I think this is just an artifact of how the code is representing "present". It's clear there's no actual content on this page, looks like it was recently created from a template in anticipation of posting a biography.
The end date for his term is marked as "present", so the text at the bottom is rendering it as the UTC time at page load. In this case, it will be a few minutes behind as the page gets cached at CDN edge nodes, and will be slightly different for everyone. When you see it change, that's the cache TTL expiring.
I'm a software developer. You don't publish pages like that until they are ready for public viewing. A "draft" page should stay in a draft state and NOT get published. And besides, the fact that date was updated several times, is odd.
I think this is just an artifact of how the code is representing "present". It's clear there's no actual content on this page, looks like it was recently created from a template in anticipation of posting a biography.
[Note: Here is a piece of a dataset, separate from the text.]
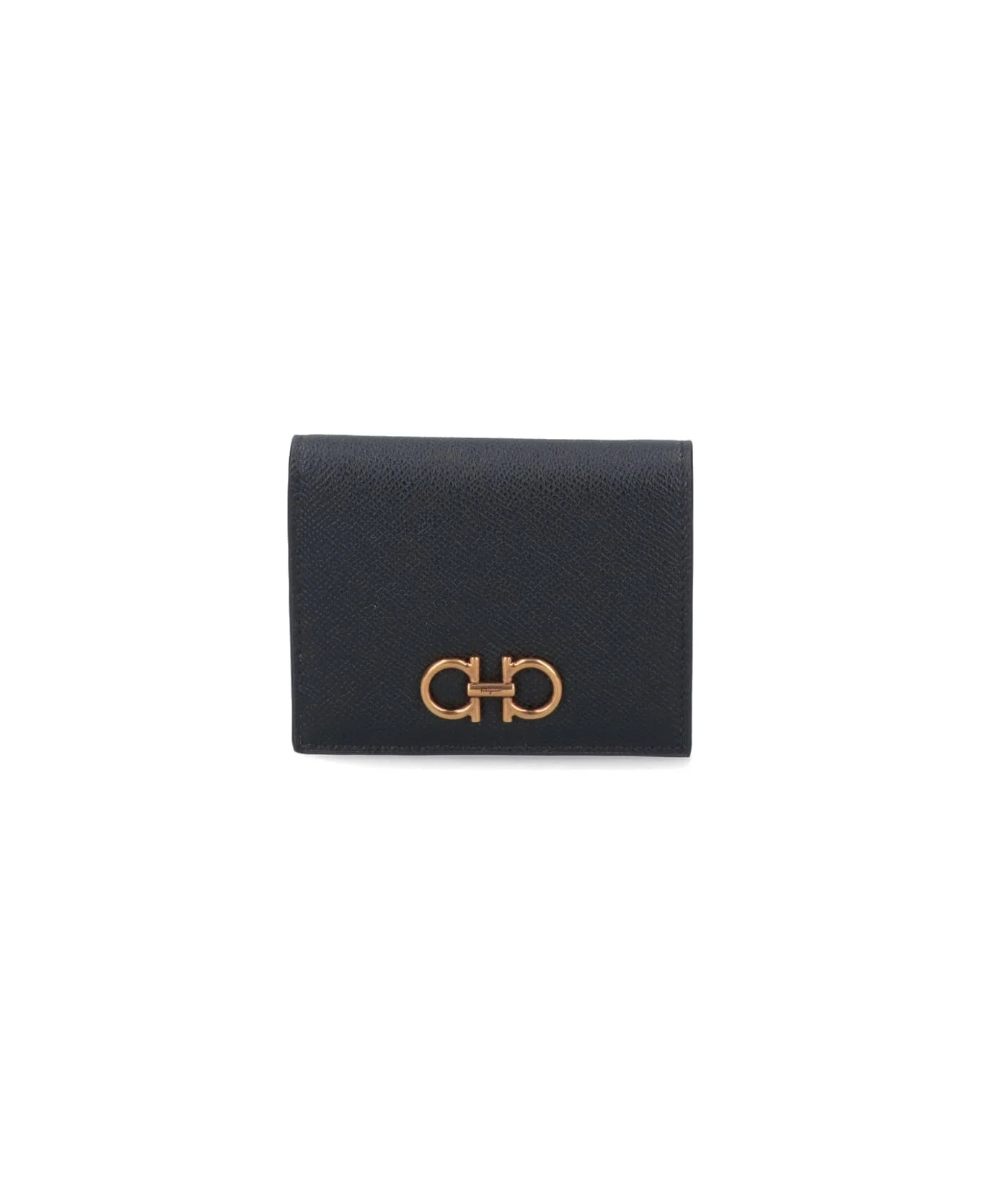 Ferragamo 'gancini' wallet, black leather, snap button closure, gold metal logo at the front, an inner coin pocket, an inner bill compartment, two inner flat pockets, and three card slots. Made in: Italy Color: Black Size and fit: - Height 9.0 CM, Length 11.3 CM Model number: 726512001

The end date for his term is marked as "present", so the text at the bottom is rendering it as the UTC time at page load. In this case, it will be a few minutes behind as the page gets cached at CDN edge nodes, and will be slightly different for everyone. When you see it change, that's the cache TTL expiring.
Nothing to see here...
I'm a software developer. You don't publish pages like that until they are ready for public viewing. A "draft" page should stay in a draft state and NOT get published. And besides, the fact that date was updated several times, is odd.
So someone f'ed up. The date changing is not odd. That would be expected behavior due to CDN caches.
It would be a hardcoded UTC timestamp that would be independent of CDN location.